If a button next to a movie is touched then the game displays “like it a lot” same for choice D.
Event B fits perfectly in if-then because it is basically stating “if a button is touched, then a rating is entered”. It is only two steps, therefore such structure can be used.
2: Student provided some general statement justifying the use of an IF-THEN structure that is not sufficiently detailed or specific to be meaningfully interpreted such as “It fits in the structure better”; “Because it would be the easiest to use”; and “It works fine as an if then statement.”
Item Validation
Unit 2: Item Analysis and Student Misconceptions
For the most part, student responses to Unit 2, Item 2 revealed few misconceptions. Most students accurately identified the presence or absence of a series of website elements in the sample website. After instruction on the Unit 2 curriculum, the majority of students correctly identified the presence or absence of a web page heading (present; correctly identified by 91% of students), a horizontal navigation bar (absent; correctly identified by 81% of students), a vertical navigation bar (present; correctly identified by 78% of students), a background image (present; correctly identified by 93% of students), a table in the main text section (present; correctly identified by 95% of students), a video in the main text section (absent; correctly identified by 96% of students), and the title of the webpage (present; correctly identified by 85% of students). The only misconception revealed in student responses to this item is around the placement of an image. In the sample webpage, there is an image in the header of the website, while there is no image in the main text section. It appears that this distinction confused students, as only 38% of them correctly identified that an image in the main text section was absent. It seems that they misattributed the location of the image in the webpage’s header as being within the main text section. Other than this single misconception surrounding image placement within specific areas of the webpage, students were largely able to correctly identify the presence or absence of website features within a sample webpage.

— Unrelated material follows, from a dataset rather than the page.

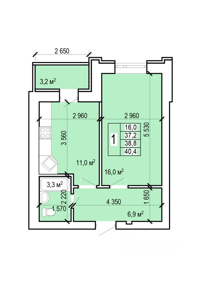 Общая площадь40,4 м²

The multiple-choice items, 5, 6, and 7, focused on measuring specific terminology and concepts from the curriculum, such as computer systems, networks and web development roles. For these items, the difficulty indices were calculated. Question five is an easy item, as 80% of the students answered it correctly. For questions 6 and 7, the item difficulty was moderate: 70% answered item 6 correctly and 50% answered item 7 correctly.

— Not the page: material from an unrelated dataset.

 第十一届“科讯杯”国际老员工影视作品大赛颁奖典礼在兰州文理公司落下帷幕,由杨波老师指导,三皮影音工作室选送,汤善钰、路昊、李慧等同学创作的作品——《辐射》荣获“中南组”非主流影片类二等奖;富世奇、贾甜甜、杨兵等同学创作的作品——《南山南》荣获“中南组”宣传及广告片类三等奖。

The mean score for the 101 students who took the Unit 2 assessment was 16.13 (SD = 5.59) out of 24.5 possible points, or 65.83%. Full item analysis on all Unit 2 assessment items is presented in Table 7. The proportion of students answering an item correctly indicates the difficulty level of the item. For items other than straightforward multiple choice where a simple correct vs. incorrect distinction was not applicable, the difficulty indices were calculated on the basis of students “passing” vs. “not passing” the item (i.e., earning a score of 60% or higher on a given item). The discrimination index (DI) (Kelley, 1939) is a statistic which indicates the extent to which an item has discriminated between the high scorers and low scorers on the test. The index is represented as a fraction and varies between −1 and 1. Optimally an item should have a positive discrimination index of atleast 0.2, which indicates that high scorers have a high probability of answering correctly and low scorers have a low probability of answering correctly. The DI for multiple choice items were computed from equal-sized high and low scoring groups on the test. Subtract the number of successes by the low group on the item from the number of successes by the high group, and divide this difference by the size of a group. DI for open ended items were calculated slightly different. It was calculated as the total number of points received by the test takers in the strong and the weak group respectively, and then divided each of the obtained numbers by the maximum number of points that can be awarded to the students in either group. For this assessment, difficulty indices are primarily in the average category while most items have a good discrimination index. Note that there is a range of difficulty of items which provides evidence that the assessment is able to differentiate between students. The discrimination indices are all in the good range other than for the one item that had low difficulty (which is to be expected). This also provides evidence that the assessment is able to distinguish between students.
Unit 4: Item Analysis and Student Misconceptions
Examination of student responses to Item 4 on the Unit 4 assessment reveal some misconceptions in student understanding of the content being assessed. In 4a, a portion of the game as it is being played by two players is described in narrative form. Students are then asked to select from a list of events the two events that are being described in the narrative game description. After receiving instruction on the Unit 4 curriculum, roughly 40% of students got this item correct, selecting the two correct events. Another 10% of students earned partial credit on this item by selecting one of the correct events and no incorrect events.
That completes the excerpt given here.